Non è andato tutto bene. Neanche un po'. Oggi converrebbe usare un po' meno retorica e più buon senso per non trasformare una crisi, sociale ed economica, in una tragedia. La buona notizia è che le imprese italiane hanno più volte dimostrato di saperlo fare.
Certo i dati forniti ieri da Confcommercio sono duri. Nel 2020 i consumi sono crollati di 126 miliardi, quasi duemila euro a testa, neonati compresi. Il prodotto di un Paese, per farla semplice, è fatto di consumi, il caffè al bar e le scarpe al negozio; e di investimenti, la macchina per l'artigiano e le gallerie delle autostrade. I primi sono crollati, come visto. E hanno resistito, si fa per dire, solo perché ve ne sono alcuni, quelli sanitari e alimentari, piuttosto incomprimibili. I secondi si sono praticamente azzerati. Sul fronte dei consumi, inoltre, le cose peggiori sono occorse al Nord.
Questo è lo scenario dell'anno che è passato. E non ci voleva un frate indovino per capire che le canzoni dai balconi erano una pagliacciata. Con ogni dpcm e restrizione (lasciamo perdere la loro necessità, che dal punto di vista economico non rileva) si decretava la fine di un'impresa, la morte economica di un imprenditore, e la conseguente riduzione di forza lavoro.

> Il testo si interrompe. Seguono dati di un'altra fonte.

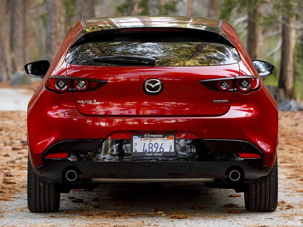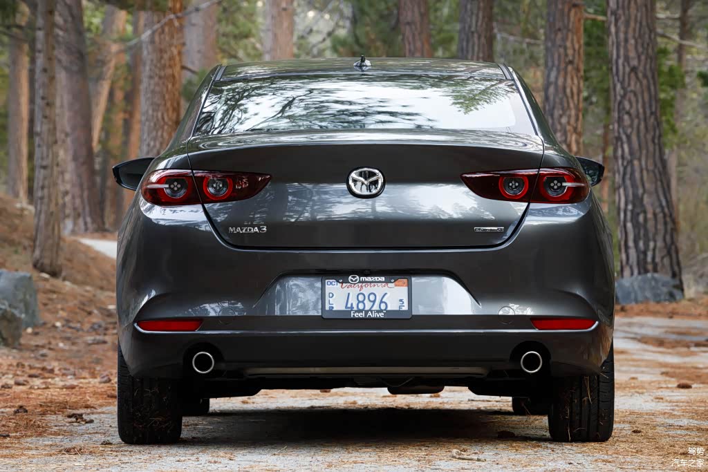 两厢和三厢虽然差了一个屁股的距离,但是全新昂克赛拉在设计上还是体现出了出色的一致性。两厢版本的车尾与车头设计保持一致同样使用黑色元素凸显出运动感,而三厢版本的车尾可以说比车头更加运动,两个版本均采用双边共双出的排气布局,在越来越多品牌采用隐藏式排气的当下更体现出了马自达对运动的追求。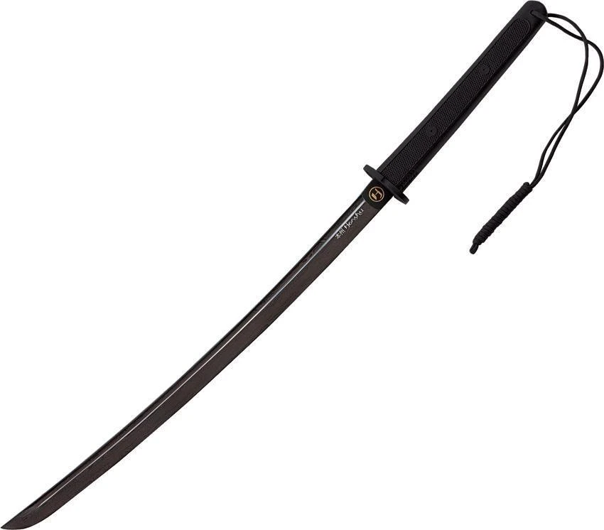 30 1/2″ overall. 20 5/8″ black Damascus steel blade with heavy fuller groove that extends the entire length of the blade. Full tang. Black textured rubberized handle. Black finish stainless guard with dual lashing holes. Black nylon cord lanyard. Black wooden scabbard with black splatter accents, black nylon cord wrapping and black composition accents at throat. Black cotton storage bag.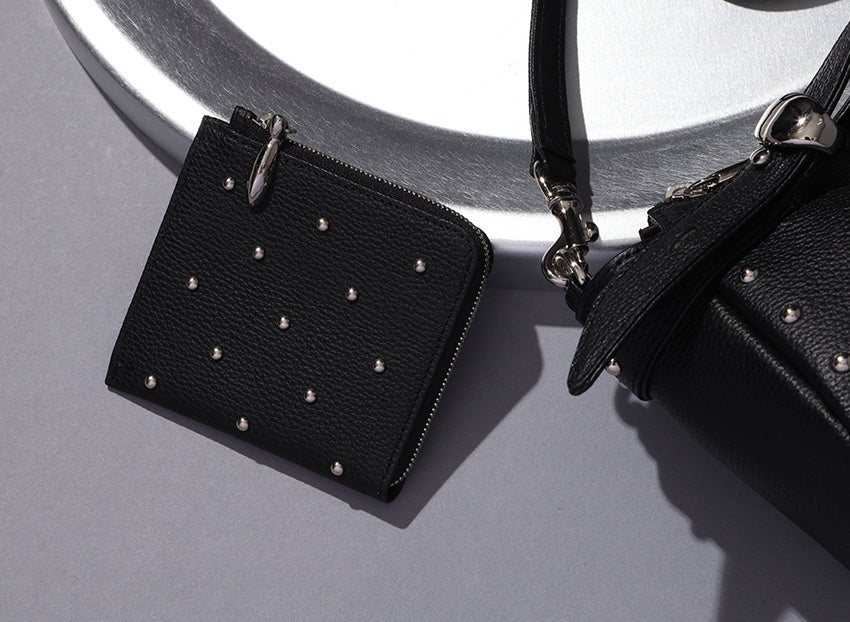 小さくても妥協しない。コンパクトで機能的なL字ジップウォレットが、スタッズをまとって華やかに。ファスナーラインに沿って配されたスタッズが、手元を凛と見せます。ライトシュリンクレザーの柔らかさと、精巧な金具づかいが呼応し、使うたびに高揚感を与える一品。

Le cose saranno ancora difficili. Secondo le previsioni, i consumi faranno nel 2021 un balzo in avanti, quasi del 4%. Ma è poca roba: non riusciranno a coprire neanche un terzo di quanto perso.
Essere realisti oggi, come non essere follemente incoscienti ieri, è utile per capire cosa fare. Quando il consumatore ha paura non spende, quando le imprese non hanno consumatori non investono. Ecco, su questi due fronti si può fare qualcosa.
Campagna di vaccinazioni e restituzione veloce delle nostre libertà ci aiuteranno ad uscire da questa insana cappa di paura e incertezza. Dall'altra parte le imprese possono, e oggi devono, osare. Chi ha resistito fino ad ora scommetta, investa, si ristrutturi, sgomberi la polvere che comunque aveva in casa anche prima della pandemia. Lo hanno fatto i nostri nonni con le macerie. Certo, hanno avuto il piano Marshall (il Recovery, più che un piano è un debito le cui chiavi sono in mano ai nostri burocrati) e una classe politica con un progetto.
Ma allora come oggi, il merito va essenzialmente a loro: a migliaia di imprenditori e milioni di lavoratori che hanno investito in questo Paese.Forse è retorica, ma certamente più digeribile di quella strafatta sulla resilienza, la più brutta postura del mondo, dopo le canzoncine allegre dai balconi.